Charles, thank you very much for your reply. I’ll be sure to check that the data meets the various requirements of a linear model.

Regarding your last point, the logic is that the residuals would be randomly distributed because the relationships between the variables remain constant, regardless of the profitability of a given listing. I will of course check the graphs, but it would help to know that I have the theory straight.

May I ask then, can I take it that if that an AVERAGE for Y in my case can be viewed in the same way as that for any appropriate independent variable, that duplicate/fixed values (in themselves) do not pose a problem in a linear regression analysis?

To clarify, let’s say there were no fixed loss amounts for Y in another case, that they were free to fall anywhere on the same continuous scale (as you usually find in any textbook example). Let’s also say that the average for Y in both cases is equal. Is it then safe to say that there is no apparent cause for concern with the data I have (assuming that it is appropriate for a linear regression analysis in every other way)?

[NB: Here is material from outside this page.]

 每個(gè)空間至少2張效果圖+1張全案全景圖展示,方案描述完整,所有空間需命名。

Sorry if my limitations here are making things unclear or unnecessarily complicated! Thank you. Ben

I don’t see any particular problems with duplicate data provided the assumptions for regression are met and the negative value can be compared with the other values and is not a conventional value (like coding all missing data as -99).

Charles

Got it, thank you so much Charles. Congrats on the excellent resource pack and website here – well done! I hope you are well repaid for sharing your expertise. Ben

Great. Glad I could help.

Charles

Dear Dr.Charles

sir i want to you tell may some gaidence about how to writte research paper . pleas sir i have no any good teacher in provience blochitan in country pakistan.

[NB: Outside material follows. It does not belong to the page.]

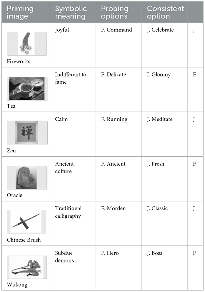 The experiment consisted of 50 trials in total, each with one Chinese cultural archetype image as the priming stimulus and one corresponding probe task, all presented in random order. To balance the responses, 25 consistent and 25 inconsistent options in the probe tasks were assigned to the “F” and “J” keys. The experiment concluded once the participants had completed all 50 trials.

There are many online guides to how to write a research paper, including the following:

www3.nd.edu/~pkamat/pdf/researchpaper.pdf

https://www.liebertpub.com/media/pdf/English-Research-Article-Writing-Guide.pdf

You can find more by googling “how to write a research paper”

Charles

Dear Dr.Zaintoz,

Please guide to interprete Tau observed and critical values of Augumented Dickey fuller test for stock market prediction

The variable considered is open

Thanks

Sneh Saini

See the following webpages

Dickey-Fuller

Augmented Dickey-Fuller

Charles

Hi, Dr. Charles Zaiontz,

Hello Iro,

Chi-square is not usually considered to be a test for reliability.

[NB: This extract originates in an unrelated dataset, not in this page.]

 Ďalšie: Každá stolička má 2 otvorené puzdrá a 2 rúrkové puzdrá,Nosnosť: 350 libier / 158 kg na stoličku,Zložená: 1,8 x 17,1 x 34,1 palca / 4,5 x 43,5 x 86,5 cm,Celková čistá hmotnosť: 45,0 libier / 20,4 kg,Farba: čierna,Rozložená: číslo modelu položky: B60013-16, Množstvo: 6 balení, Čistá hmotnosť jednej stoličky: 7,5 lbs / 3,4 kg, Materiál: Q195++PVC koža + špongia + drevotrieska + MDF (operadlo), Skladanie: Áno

Which test to use depends on what you mean by reliability. Please see the following webpage>

Reliability.

Charles

Dear Dr.Zaintoz,

I want to conduct experiments which will be done by human subjects. The outcome is explained by 10 user predictors and 6 task predictors.I want to calculate the sample size of users and how many tasks that each user should do to achieve a specific power .

Thanks in advance

Mushtaq

Mushtaq,

If you are planning to use multiple linear regression to do this, then I suggest that you look at the following webpage

Sample Size for Regression

Charles

Does this give sample size of users and tasks separately? because the output variable depends on two sets of predictors: one from users and other from tasks.

Thanks,

Mushtaq

Sorry, but I don’t understand your question.

Charles

Dear Dr. Charles,

I mean, the sample size represents the overall observations that I have to get to achieve the requirements . But this number is a combination of number of tasks and users. For example, if sample size is 200, then I have 20 users by 10 tasks, 10 tasks by 20 users , or 40 users by 5 tasks and so on. This is the case if I want each user does the same tasks that done by other users .But, if each user does a different task, I think the sample size =number of users =number of tasks.

Thanks,

Mushtaq

Hello Charles!

I am a student at Uppsala University in Sweden, and I have unfortunately not done any statistics during my four years there, which I regret now when I’m doing my master thesis (earth science).

I have been trying to understand Time series analysis and PCA but it seems extremely complicated. I was just wondering if you could help me answer a basic question about it?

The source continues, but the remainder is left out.